OASB Scanner Benchmark: First Ground-Truth F1 for Skill Scanners
We benchmarked HackMyAgent against a 4,245-sample labeled corpus across 9 attack categories and compared with 9 industry scanners evaluated in Holzbauer et al. (arXiv:2603.16572). NanoMind TME v0.5.0 achieves 89.2% F1, the first verified precision/recall score for any AI agent skill scanner.
The Problem
Holzbauer et al. collected 238,180 skills from three marketplaces (ClawHub, Skills.sh, SkillsDirectory) and GitHub. They ran 9 different scanners and found flag rates ranging from 3.8% (Socket) to 41.9% (OpenClaw Scanner).

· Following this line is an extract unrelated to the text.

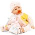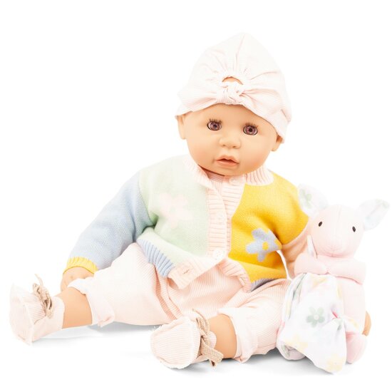 Cookie is in zomerstemming. Ze draagt ​​een fijn gestreepte jumpsuit met lange mouwen, comfortabele stoffen schoenen en een heel chique hoofddoek met knopen. Als het buiten koud wordt, komt het supermooie gebreide jasje met pastelkleurige bloemen mee. Als het knuffelkonijn bij haar is, is Cookies wereld prima. Als ze moe wordt, zuigt ze een beetje aan de speen en valt in slaap.

The critical finding: only 33 out of 27,111 skills (0.12%) were flagged by all scanners. 71.8% of flagged skills were flagged by only one scanner. After adding repository context, only 0.52% of flagged skills remained in suspicious repositories.
None of these scanners reported precision, recall, or F1 because no ground truth labeled dataset existed. The field had no way to answer: "How accurate is any of this?"
Results
| Scanner | F1 | Precision | Recall | FPR | Flag Rate |
|---|---|---|---|---|---|
| NanoMind TME v0.5.0 | 89.2% | 88.4% | 90.0% | 0.82% | 6.9% |
| HMA Full Pipeline | 81.3% | 68.5% | 100% | 3.20% | 10.3% |
| HMA Static (regex) | 67.5% | 99.3% | 51.1% | 0.03% | 3.6% |
NanoMind TME v0.5.0 achieves the best balanced accuracy: 89.2% F1 with 90% recall and less than 1% false positive rate. The ONNX model was trained on a v8 corpus of 4,500 balanced samples from 5+ real-world sources.
The full pipeline (AST compilation + 6 analyzers + NanoMind) achieves 100% recall, zero missed malicious samples, at the cost of more false positives (3.2% FPR). This mode is appropriate when missing an attack is unacceptable.
Static patterns have near-perfect precision (99.3%) but miss about half of attacks. This confirms the field's intuition: regex-only scanning is conservative but incomplete.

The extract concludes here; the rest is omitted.